Sharon Fuentes was at a presentation given by author and licensed professional counselor Neil McNerney about how parents should step back and let their children take more responsibility for their homework when it hit her: Many of McNerney’s techniques could help parents of children with Asperger syndrome.

So the South Riding mom of two — including a son, 13, with Asperger’s — walked up to McNerney after the program, introduced herself and said, “I’d like to write a book with you.”

McNerney agreed, to Fuentes’s surprise, and the two published “The Don’t Freak Out Guide to Parenting Kids with Asperger’s” in October.

Fuentes’s son, Jay (she doesn’t use his real first name on her blog, Mama’s Turn Now, or in the book to protect his privacy, so we have used his blog name here, as well), got the diagnosis in third grade.

“When I first found out about Asperger’s, everything I read was very clinical, and I felt very much alone,” Fuentes said. “My biggest goal is for people to understand they are not alone. . . . My second goal is, there’s so much talk about changing our children, and I don’t think we need to change them. We need to perhaps understand them better and change the way we parent.”

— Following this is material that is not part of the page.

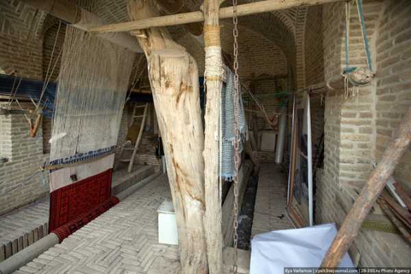 Как ткут ковры на самом деле, никто не знает, но туристам показывают эту машину. Станок представляет собой деревянную раму, на которую между верхней и нижней перекладиной натягивают полотно. Оно состоит из продольных нитей, расположенных близко друг к другу (качество ковра зависит, кроме прочего, и от плотности расположения и толщины нитей). На этих нитях завязаны шерстяные пучки, которые формируют ворс ковра. Когда один ряд узлов по ширине ковра завершается, вводится дополнительная поперечная нитка (чаще всего хлопчатобумажная) для того, чтобы придать узлам и всему изделию прочность и форму. Этот процесс повторяется ряд за рядом до тех пор, пока не сформируется весь ворс ковра. Затем следует последняя часть операции: стрижка ворса. Он должен быть пострижен по всей длине до толщины объема шерстяных нитей. Таким образом, формируется плотный и густой ворс. От плотности узлов зависит четкость рисунка.

Since the diagnosis, Fuentes has wrestled with the same question all parents of children with special needs face: how much to help. When do you step in and do things for him, and when do you let him work through things on his own?

After hearing McNerney speak, Fuentes decided to take a more hands-off approach. She’s still there to help Jay when he needs her, but she tries to give him more of a role in decisions about his life. It has made a huge difference in Jay’s confidence and in her stress level, she said.

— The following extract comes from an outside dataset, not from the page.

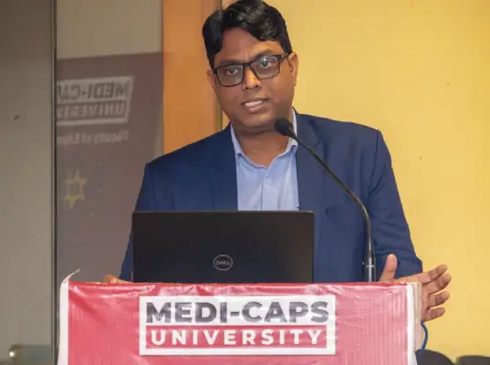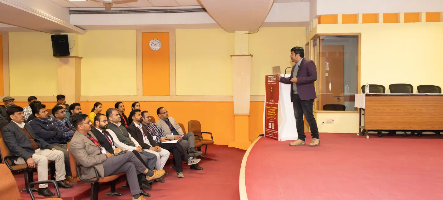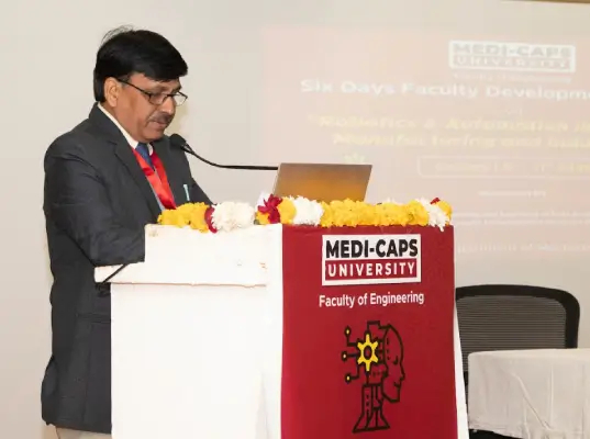 A six-day ATAL Faculty Development Program (FDP) on ‘Robotics and Automation in Advanced Manufacturing and Industry 4.0’ was inaugurated by Prof. I. A. Palani, Dean of Research and Development at IIT Indore. The event was graced by Hon’ble Prof. D. K. Patnaik, Vice-Chancellor of Medi-Caps University; Prof. D. K. Panda, Pro-Vice Chancellor; Prof. Pramod S. Nair, Dean of Engineering; and Prof. R. K. Shukla, Head of the Mechanical Engineering Department. During his inaugural address, Prof. Palani highlighted the growing indispensability of automation in modern civilization, emphasizing its widespread adoption as a necessity for progress. Prof. Patnaik, in his insightful speech, underscored the importance of balancing technological advancements with fundamental human needs and advocated for the integration of technology without compromising societal values. Prof. Panda spoke about the critical need for utilizing technology responsibly and ensuring its safe application for the betterment of humanity. Prof. Nair provided an in-depth overview of the rapid advancements in robotics and automation. He shared statistics to emphasize the importance of staying aligned with these technological trends to remain competitive.

“The bottom line now is that my job is very different than it was when he was younger. My job now, as he’s starting to get older, is to give him the self-confidence to be able to advocate for himself.”

That was the basis for the book, which details McNerney’s method and Fuentes’s real-life experiences parenting a child with Asperger’s.

“That whole ‘fair’ thing? I tell him it’s not fair. I’m sorry. You have some challenges, but what are we going to do about it? What’s going to make it easier?” Fuentes said. “It’s very different when you start to think like that instead of just trying to remove all the obstacles.”

The book explains how parents need to keep their worries under control so that they can better help their children. It identifies five common characteristics of children with Asperger syndrome, and gives parents suggestions for how to approach, for example, a rule-follower differently from a child who has an overwhelmingly negative outlook.

The authors also identify types of parents, from those who are supportive to those who are perfectionists, and talk about how those qualities can affect their relationships with their children. The authors give an overview of therapies for children with autism-spectrum disorders and offer suggestions for working with educators after the child is in school.

“My view of parenting is a lot less about helping our kids, and more about leading our kids,” McNerney said. “Leading is showing them directions, whereas helping is smoothing their path. For kids with Asperger’s, parents tend to do a lot of helping. They need help, but I would love to see parents spend more time on leading them.”

Fuentes has applied the same “don’t freak out” techniques with her daughter, Gracie, 10 (again, using her blog name to protect her privacy), and found them helpful.

“It’s not like they’re doing everything on their own. We have rules and structure in our house,” Fuentes said. “But it’s giving them the responsibility, letting them know that they’re in charge. That’s a big thing, that you’re responsible for what you say and do.”

She has found that the more she has stepped back and let her children take responsibility for themselves, the more they want to do for themselves, and that they learn more from their mistakes.

“I can’t make them eat their vegetables. I can’t make them go to bed at night,” she said. “All I can try to do is give them the tools and hope that they use that.”